• [Dataset excerpt]
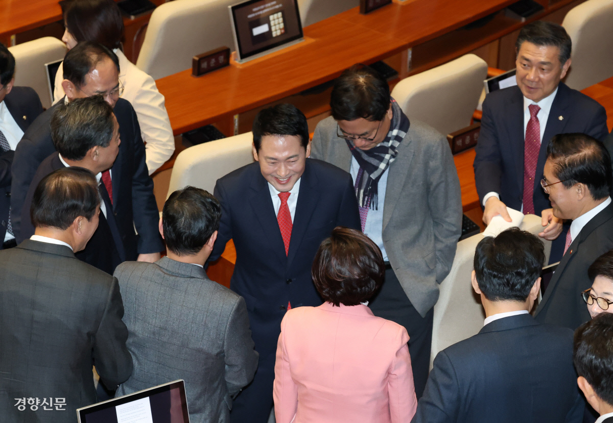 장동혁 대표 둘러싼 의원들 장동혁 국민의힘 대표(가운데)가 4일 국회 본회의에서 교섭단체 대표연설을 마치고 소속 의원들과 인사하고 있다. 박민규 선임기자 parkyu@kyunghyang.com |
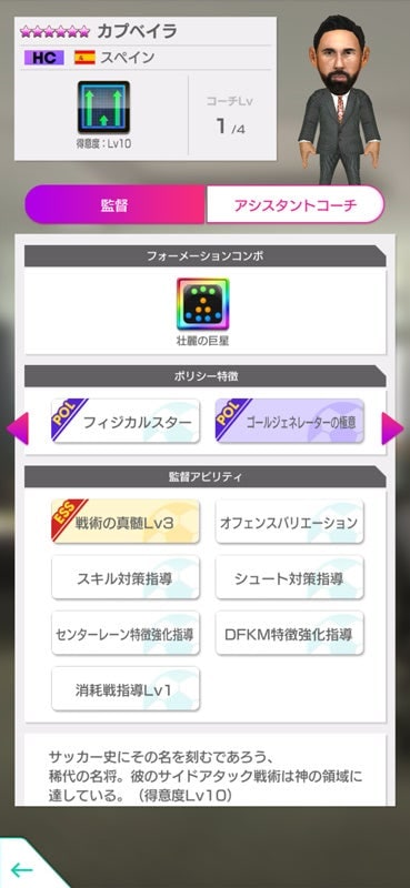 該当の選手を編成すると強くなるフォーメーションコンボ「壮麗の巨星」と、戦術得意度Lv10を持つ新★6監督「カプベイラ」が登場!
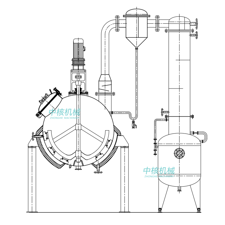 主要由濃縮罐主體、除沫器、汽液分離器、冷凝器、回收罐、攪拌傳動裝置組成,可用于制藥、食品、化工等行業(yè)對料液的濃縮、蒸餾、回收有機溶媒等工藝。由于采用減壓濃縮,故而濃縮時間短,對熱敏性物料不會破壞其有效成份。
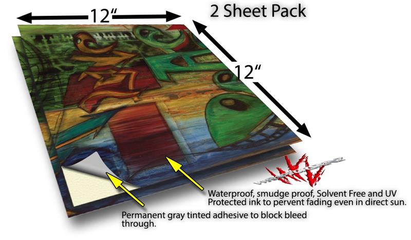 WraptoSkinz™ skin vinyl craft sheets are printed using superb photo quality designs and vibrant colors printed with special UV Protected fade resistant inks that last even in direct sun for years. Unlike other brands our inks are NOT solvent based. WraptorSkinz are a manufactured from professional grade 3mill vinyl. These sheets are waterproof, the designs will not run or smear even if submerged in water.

• [To do]
Your task is to repeat the material above exactly, without its pictures.

• [Completed exercise]
 장동혁 대표 둘러싼 의원들 장동혁 국민의힘 대표(가운데)가 4일 국회 본회의에서 교섭단체 대표연설을 마치고 소속 의원들과 인사하고 있다. 박민규 선임기자 parkyu@kyunghyang.com |
 該当の選手を編成すると強くなるフォーメーションコンボ「壮麗の巨星」と、戦術得意度Lv10を持つ新★6監督「カプベイラ」が登場!
 主要由濃縮罐主體、除沫器、汽液分離器、冷凝器、回收罐、攪拌傳動裝置組成,可用于制藥、食品、化工等行業(yè)對料液的濃縮、蒸餾、回收有機溶媒等工藝。由于采用減壓濃縮,故而濃縮時間短,對熱敏性物料不會破壞其有效成份。
 WraptoSkinz™ skin vinyl craft sheets are printed using superb photo quality designs and vibrant colors printed with special UV Protected fade resistant inks that last even in direct sun for years. Unlike other brands our inks are NOT solvent based. WraptorSkinz are a manufactured from professional grade 3mill vinyl. These sheets are waterproof, the designs will not run or smear even if submerged in water.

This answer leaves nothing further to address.